Personen met een verhoogd risico op bedreiging van de zijde van de maoïsten zijn personen die in overheidsdienst werken in die districten waar de maoïsten zeggenschap hebben, personen die actief zijn binnen politieke partijen, waarbij met name CPN (UML)- en NCP-leden een verhoogd risico lopen alsmede grootgrondbezitters en personen die aangifte doen bij de overheid van maoïstische activiteiten.

Personen die verdacht worden van maoïstische sympathieën lopen een verhoogd risico op arrestatie en detentie op verdenking van maoïstische activiteiten. Hierbij gaat het onder meer om leden van radicale communistische partijen, leraren, sociaal werkers, links-georiënteerde journalisten, mensenrechtenactivisten en familieleden van maoïsten. Het merendeel van hen wordt na enige tijd vastgezeten te hebben om onderzoek te verrichten naar de mogelijke betrokkenheid bij deze activiteiten, weer vrijgelaten.

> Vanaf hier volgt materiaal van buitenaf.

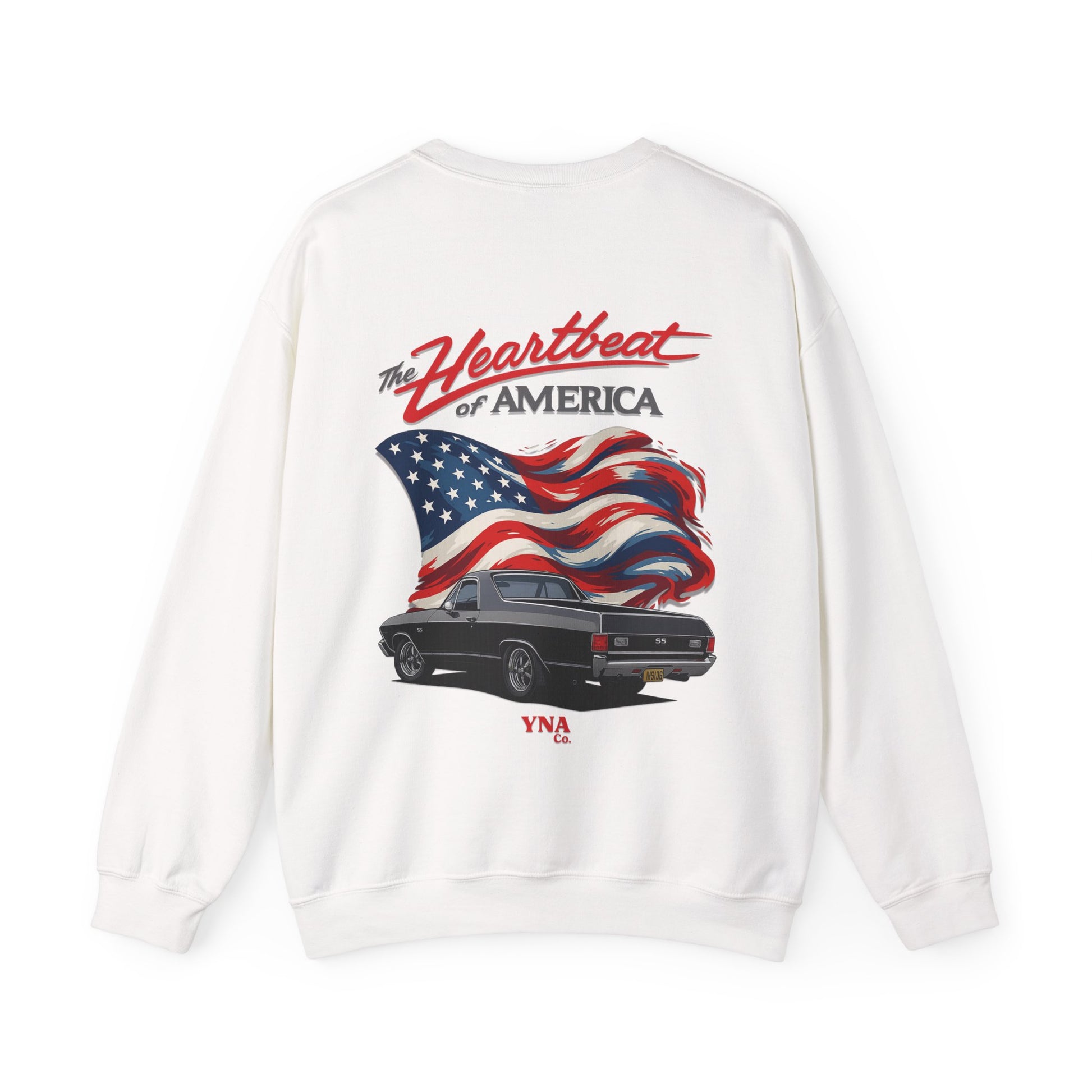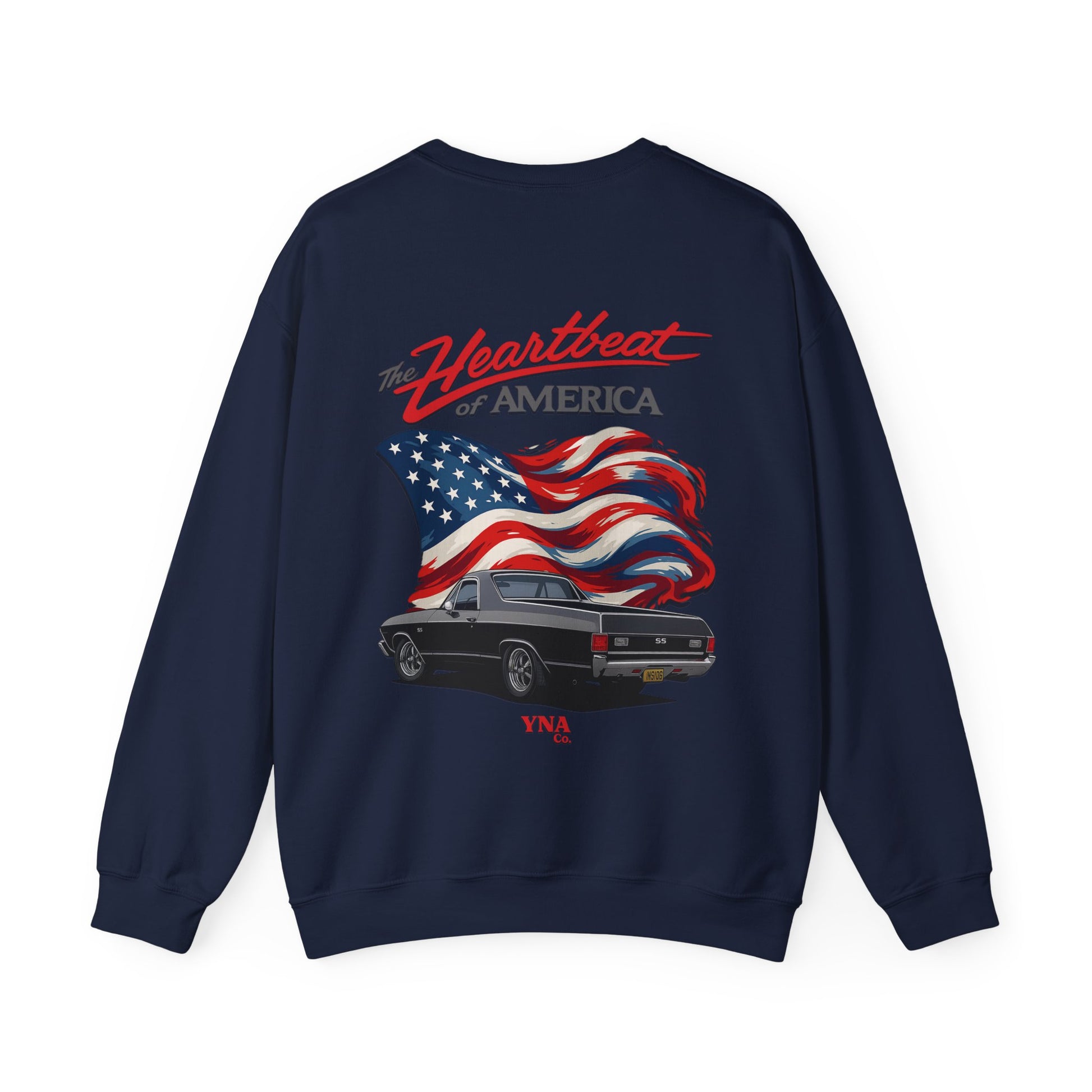 Inspired by chrome, horsepower, and heritage—The Heartbeat of America II Crewneck blends retro muscle car vibes with bold American pride. Featuring a hand-detailed lowrider, vintage flag flow, and classic script, this design pays tribute to the culture that raised us and the rides that carried us.

Discriminatie op grond van geslacht is in Nepal is constitutioneel verboden maar in de praktijk worden vrouwen achtergesteld. In toenemende mate verschijnen er berichten dat de maoïsten minderjarigen zouden inzetten in hun 'People's War'.


4. Vluchtelingen en ontheemden


4.1
Motieven

Een belangrijke reden die door Nepalezen wordt aangevoerd om hun land te verlaten is de grote armoede waarmee zij te maken hebben. De meerderheid zoekt zijn heil in India en met name in de grote steden New Delhi, Bombay en Calcutta. Andere redenen als gevolg waarvan Nepal wordt verlaten zijn vrouwenhandel, vrees voor de maoïstische opstandelingen en vrees voor vervolging van de zijde van de Nepalese autoriteiten.

4.2 Verblijfsalternatief


Voor personen die in de districten waar de maoïsten actief zijn te maken krijgen met bedreigingen van de zijde van de maoïsten, bestaat in de regel een verblijfsalternatief in de districten in de centrale regio waar de maoïsten niet actief zijn (w.o. Kathmandu) alsmede in de oostelijke regio. Aan personen die te maken hebben met bedreigingen, afpersingen en intimidaties van de zijde van de maoïsten, kan in de gebieden die onder controle staan van de Nepalese autoriteiten, waaronder Kathmandu, over het algemeen bescherming worden geboden. Diverse bronnen in Nepal hebben gemeld dat het niet erg waarschijnlijk is dat personen die in de westelijke districten door de maoïsten worden bedreigd, tot in Kathmandu achtervolgd zullen worden (zie hiertoe ook p.17 en p.20). In de lente van 2000 verschenen er berichten in de Nepalese pers over groepen mensen afkomstig uit het westen van Nepal die op de vlucht geslagen zouden zijn voor de maoïstische opstandelingen en zich nu in Kathmandu zouden bevinden. In welke mate dit plaatsvindt en om welke aantallen het gaat is vooralsnog onduidelijk, maar er zijn geen signalen dat deze groepen te maken zouden hebben met een negatieve bejegening door de autoriteiten.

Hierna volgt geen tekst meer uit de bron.